▸ Task directions: From the listing below, give again exactly the lines from the line with "Le reste de" to the line with "2025年5月29日下午,今", ends included, without any pictures.

▸ Input data:

== Segment start ==

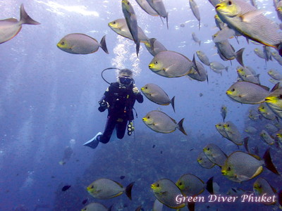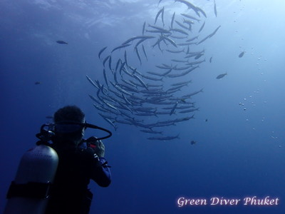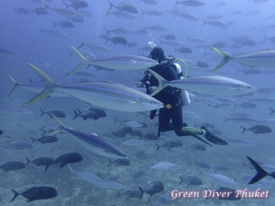 日本では見かけない魚のようですが、プーケット周辺でもここまで群れることはないです。
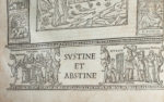 Le reste de l'illustration est copiée sur celle de 1491 et comprend de nombreux bois dans le texte dont 3 grands, un au début de chaque cantique. Le bois qui ouvre l'Enfer est placé dans le même encadrement qui a servi pour le titre mais avec variante dans le décor.
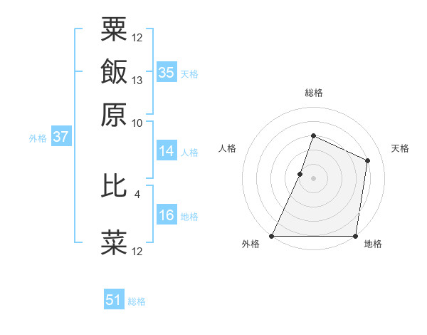 粟飯原 比菜さんの総格は51画の3点!
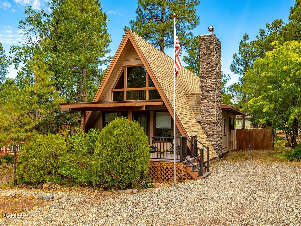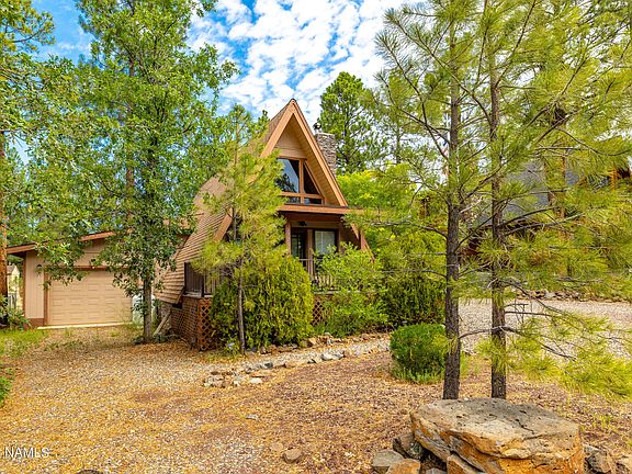 Welcome to your Quiet retreat in the pines. This unusually spacious A-Frame cabin located in Munds Park, AZ. is approximately 1200 square feet of living space and large enough for all to spread out in front of the fire on a winter night or open the doors and entertain on the front and back porches in the summer time! Large primary bedroom on first floor with separate laundry/utility room leading out to the fully fenced back yard for your furry friends. Attached 1 car garage is a bonus to store your toys you enjoy the forest with. The home has 2 solid years of short term rental history and can come fully furnished/Turnkey with the right offer.
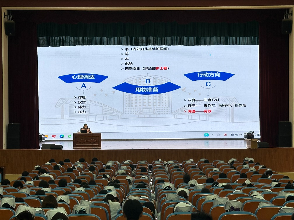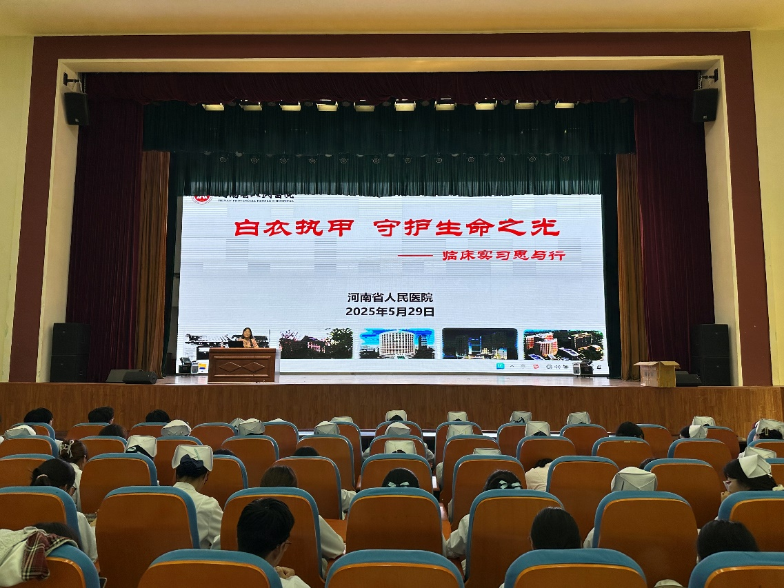2025年5月29日下午,今年会jinnianhui特邀请河南省人民医院护理部张钦老师在活动中心为我院2023级护理、助产和康复等专业学生及实习指导教师带来了一场主题为“白衣执甲,守护生命之—临床实习思与行”的讲座。
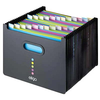 Elegant and sophisticated, free-standing expanding organiser ideal for desk and top shelf use , with 26 expanding sections providing you with an organised and efficient filing system Its’ landscape design accommodates up to A4 sized documents and files, allowing you to efficiently store and organise all your important documents Unique indexing system with colour-coded insert tabs ideal for quick and easy identification of contents Robust carry handles on either side are designed for easy transportation of documents – making travelling for work a hassle-free experience Manufactured from tough and durable 1.8mm thick polypropylene, the Eligo Desk Expander is designed to last
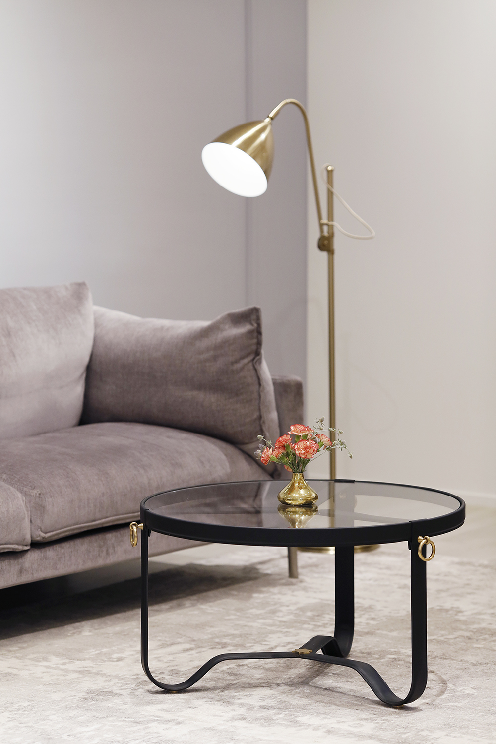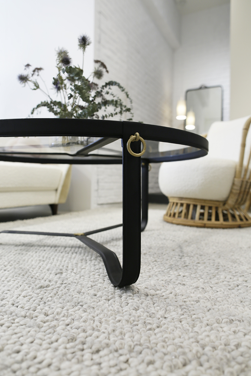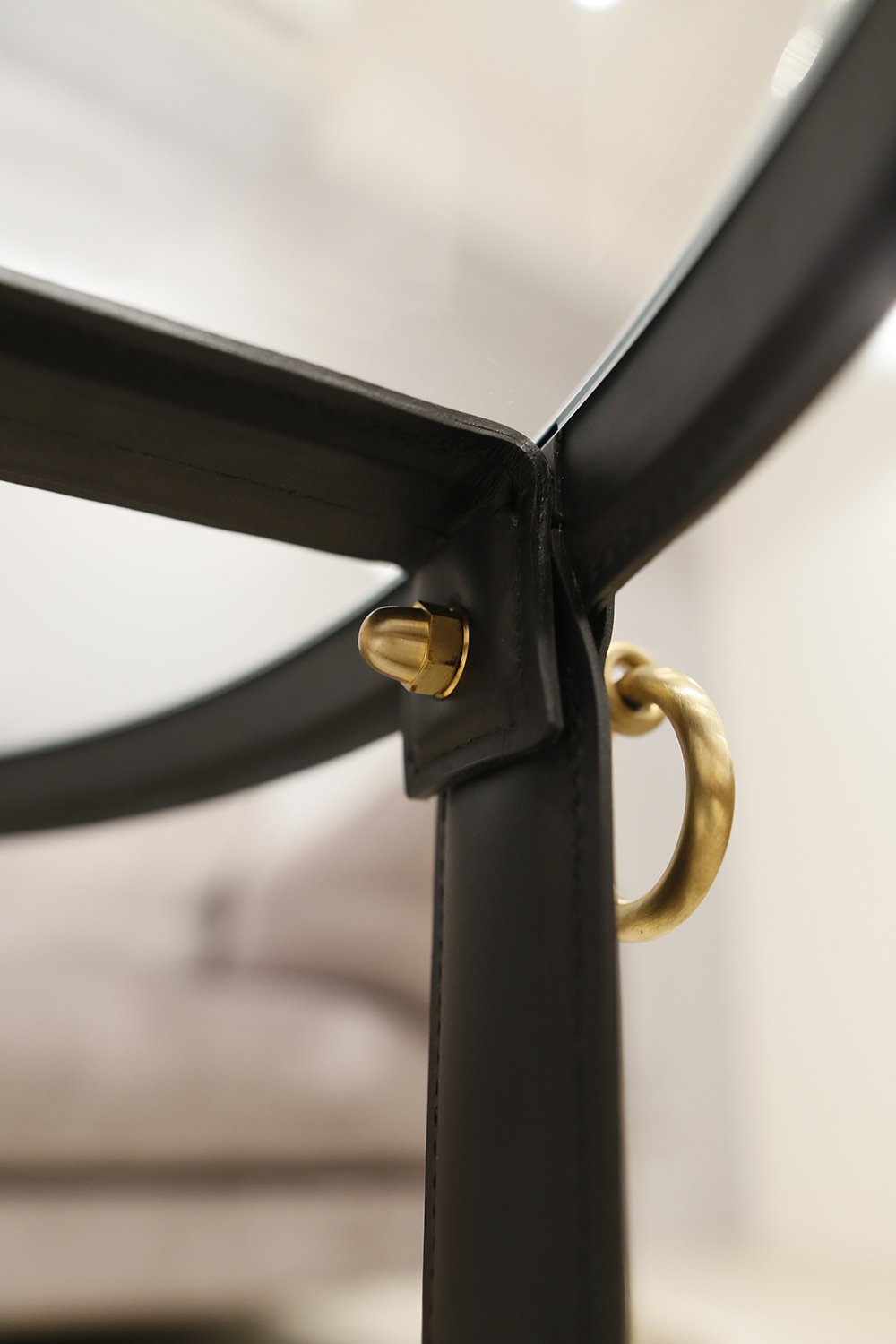 流暢的椅腳與玻璃桌面相接處以馬具專用的黃銅環扣做為裝飾

== Segment end ==

▸ Written answer:
 Le reste de l'illustration est copiée sur celle de 1491 et comprend de nombreux bois dans le texte dont 3 grands, un au début de chaque cantique. Le bois qui ouvre l'Enfer est placé dans le même encadrement qui a servi pour le titre mais avec variante dans le décor.
 粟飯原 比菜さんの総格は51画の3点!
 Welcome to your Quiet retreat in the pines. This unusually spacious A-Frame cabin located in Munds Park, AZ. is approximately 1200 square feet of living space and large enough for all to spread out in front of the fire on a winter night or open the doors and entertain on the front and back porches in the summer time! Large primary bedroom on first floor with separate laundry/utility room leading out to the fully fenced back yard for your furry friends. Attached 1 car garage is a bonus to store your toys you enjoy the forest with. The home has 2 solid years of short term rental history and can come fully furnished/Turnkey with the right offer.
2025年5月29日下午,今年会jinnianhui特邀请河南省人民医院护理部张钦老师在活动中心为我院2023级护理、助产和康复等专业学生及实习指导教师带来了一场主题为“白衣执甲,守护生命之—临床实习思与行”的讲座。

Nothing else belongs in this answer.